#### Recorded information:
..............................

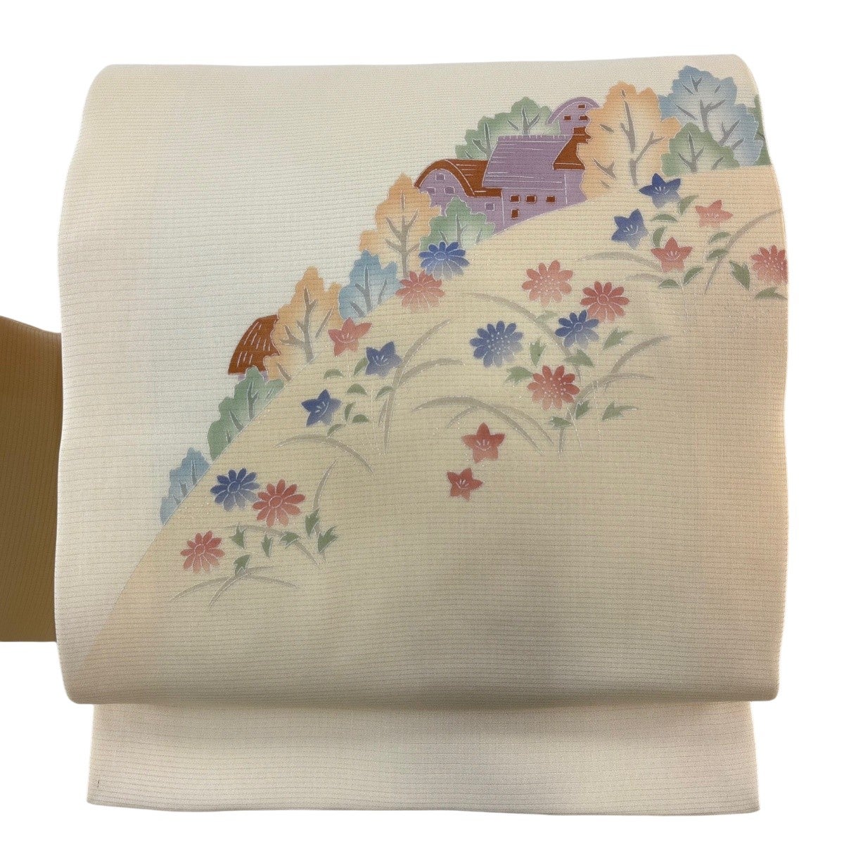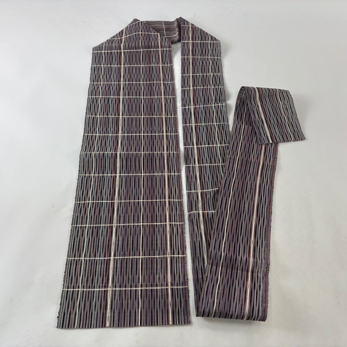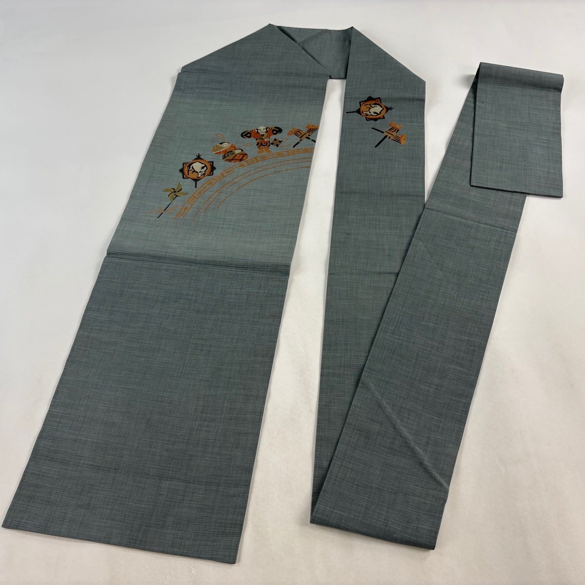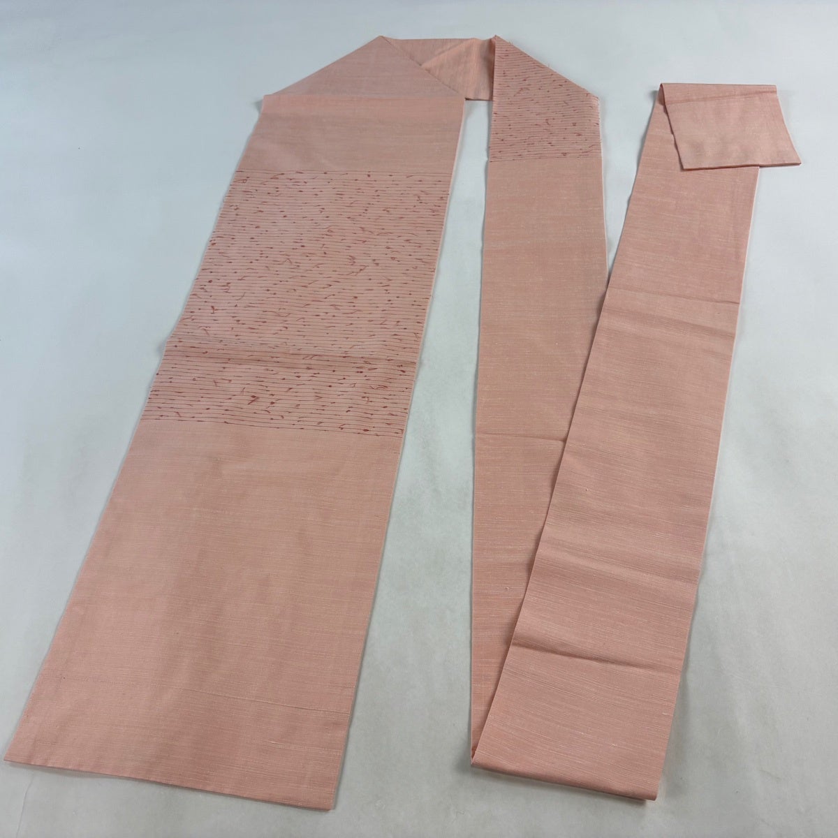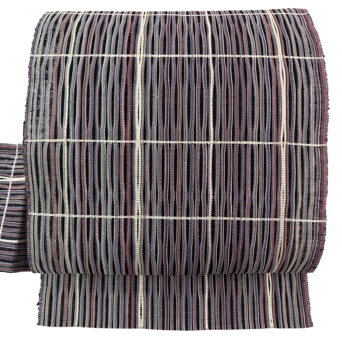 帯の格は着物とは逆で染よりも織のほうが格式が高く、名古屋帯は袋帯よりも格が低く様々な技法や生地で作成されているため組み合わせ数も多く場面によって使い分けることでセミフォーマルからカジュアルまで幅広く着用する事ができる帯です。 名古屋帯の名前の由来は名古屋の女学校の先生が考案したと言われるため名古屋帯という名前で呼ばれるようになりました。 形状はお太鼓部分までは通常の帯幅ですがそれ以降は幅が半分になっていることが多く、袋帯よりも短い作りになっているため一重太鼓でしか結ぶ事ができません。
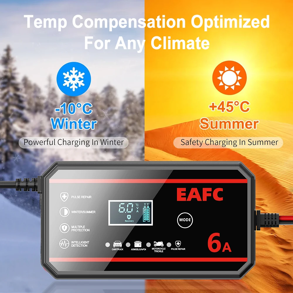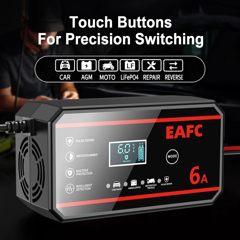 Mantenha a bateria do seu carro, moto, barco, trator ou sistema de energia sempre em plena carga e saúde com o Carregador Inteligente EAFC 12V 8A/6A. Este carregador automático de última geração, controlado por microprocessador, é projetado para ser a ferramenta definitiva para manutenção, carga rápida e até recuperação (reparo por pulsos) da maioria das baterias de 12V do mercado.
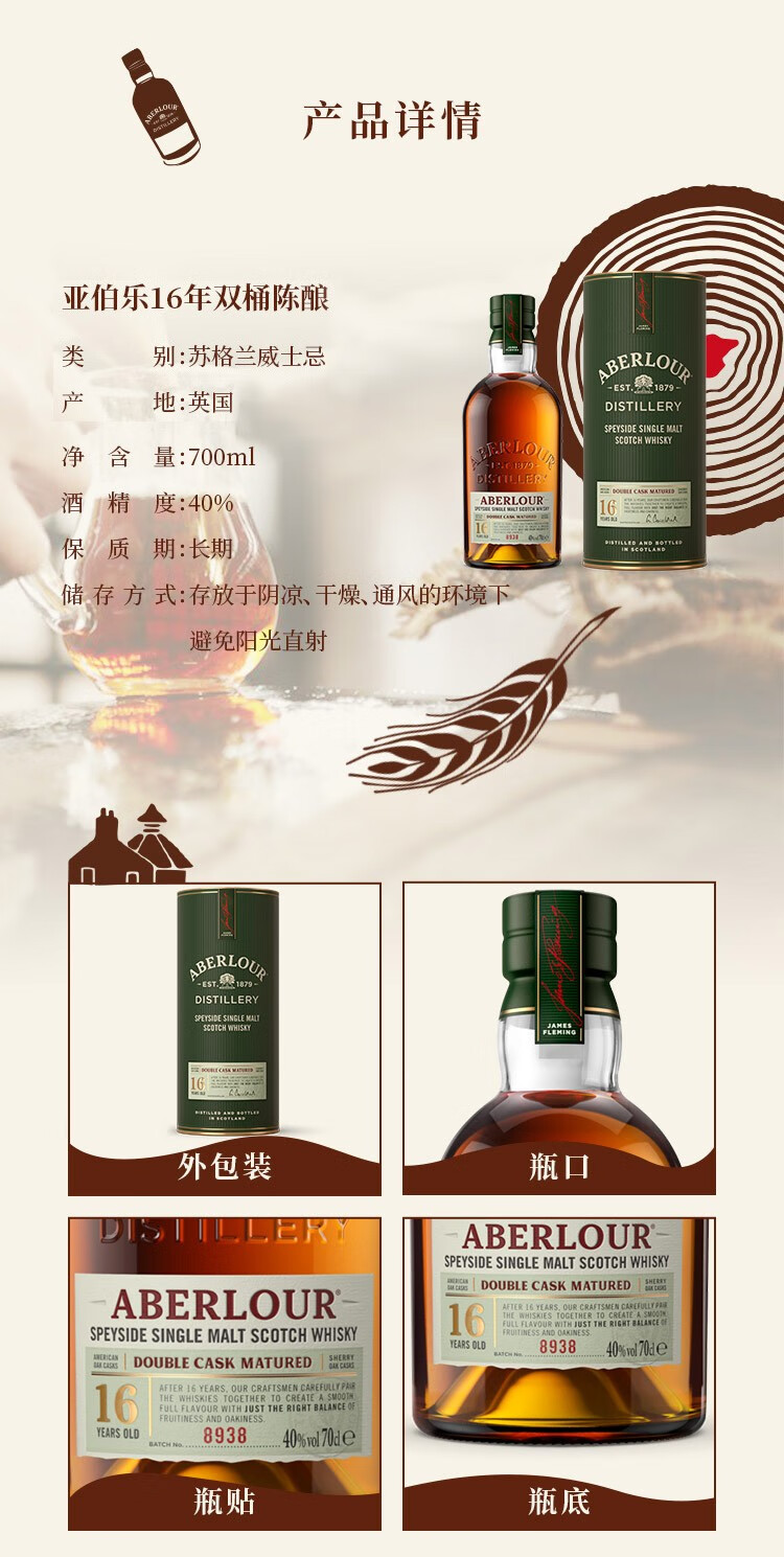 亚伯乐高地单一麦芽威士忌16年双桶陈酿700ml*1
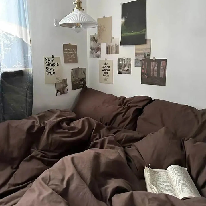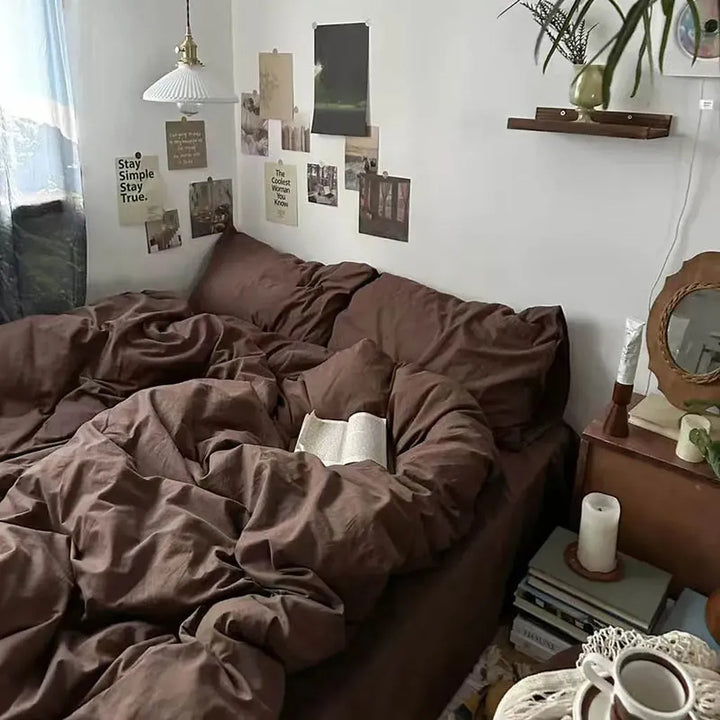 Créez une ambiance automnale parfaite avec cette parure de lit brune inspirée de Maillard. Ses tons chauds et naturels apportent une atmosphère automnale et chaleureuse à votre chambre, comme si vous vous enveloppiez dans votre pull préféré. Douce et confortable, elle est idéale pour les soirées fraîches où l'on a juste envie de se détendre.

..............................

#### Exercise details:
In the listing above, find the line with "Mantenha a bateria" and the line with "亚伯乐高地单一麦芽威士忌16年双桶陈酿700ml*1". Copy exactly those lines and all between them, minus the images.

#### Result of the exercise:
 Mantenha a bateria do seu carro, moto, barco, trator ou sistema de energia sempre em plena carga e saúde com o Carregador Inteligente EAFC 12V 8A/6A. Este carregador automático de última geração, controlado por microprocessador, é projetado para ser a ferramenta definitiva para manutenção, carga rápida e até recuperação (reparo por pulsos) da maioria das baterias de 12V do mercado.
 亚伯乐高地单一麦芽威士忌16年双桶陈酿700ml*1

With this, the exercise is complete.